You would report that to the business because they are responsible for them. I believe in some cases Tesla provided them for free, but it would be up to the business to hire someone to repair them. Besides letting the business owner know that they are broken (they might not know), it could help to let them know that you will not give them your business if the charging equipment isn't functional. You can call on the support of a local owners' club to ask them to write letters or email stating that they will not support the business without functioning equipment.


----------



## David Bunin (4 mo ago)

Thank you


----------



## garsh (Apr 4, 2016)

David Bunin said:


> To whom should I complain? Tesla? The local business?
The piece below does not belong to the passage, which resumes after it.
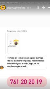 Através do Instagram de Diogo Coelho, um dos concorrentes que está em risco de expulsão, foram partilhadas várias mensagens de fãs do concorrente, onde uma delas era de ódio contra Bárbara Parada, que é também um dos concorrentes em risco, a mensagem dizia: “Tem de sair a pior inimiga dele, a Bárbara enganou meio mundo. É tudo jogo, porque há mulheres para tudo“.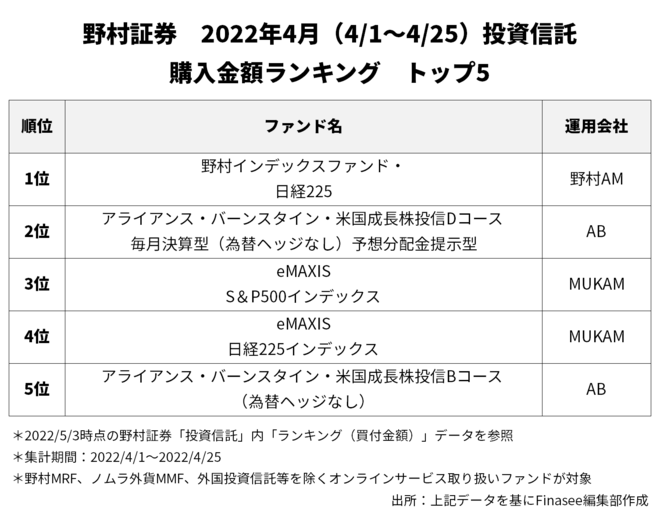 2022年4月、野村証券で多くの資金を集めたのは以下のファンドだった。

The correct answer is to notify @bwilson4web 



bwilson4web said:


> Hi,
> 
> I ordered a 40A J1772 extension cord only to find the plug now has a hood over the latch:
> View attachment 44782
> ...


----------



## bwilson4web (Mar 4, 2019)

Careful what you ask for:









Bob Wilson


----------



## EasternSP (4 mo ago)

dang, how could a charger handle get broken unless it was just pure vandalism?


----------



## David Bunin (4 mo ago)

My guess is that some dummy drove off with the plug connected and it broke at the point where it latches on the car. Is there anything in the Tesla that stops you from driving away while connected?


----------



## FRC (Aug 4, 2018)

yes.


----------



## JasonF (Oct 26, 2018)

David Bunin said:


> My guess is that some dummy drove off with the plug connected and it broke at the point where it latches on the car. Is there anything in the Tesla that stops you from driving away while connected?


Nah, no need for anything that fancy. It was probably just someone who threw the handle on the ground.


----------



## Klaus-rf (Mar 6, 2019)

David Bunin said:


> Is there anything in the Tesla that stops you from driving away while connected?


Abbaa-loootely.

Teslas will not go into gear while a charge cable is detected.


----------



## bwilson4web (Mar 4, 2019)

It was the latch part of the 'presence' lever that was broken off. My hypothesis is someone failed to use the ChargePoint App or RFID card to unlock the J1772. So this very strong and very dumb user forced the J1772 out which broke the latch. I found the broken latch piece on the ground by the EVSE. But the presence lever was now in the open position so neither the idiot nor anyone else could get a charge.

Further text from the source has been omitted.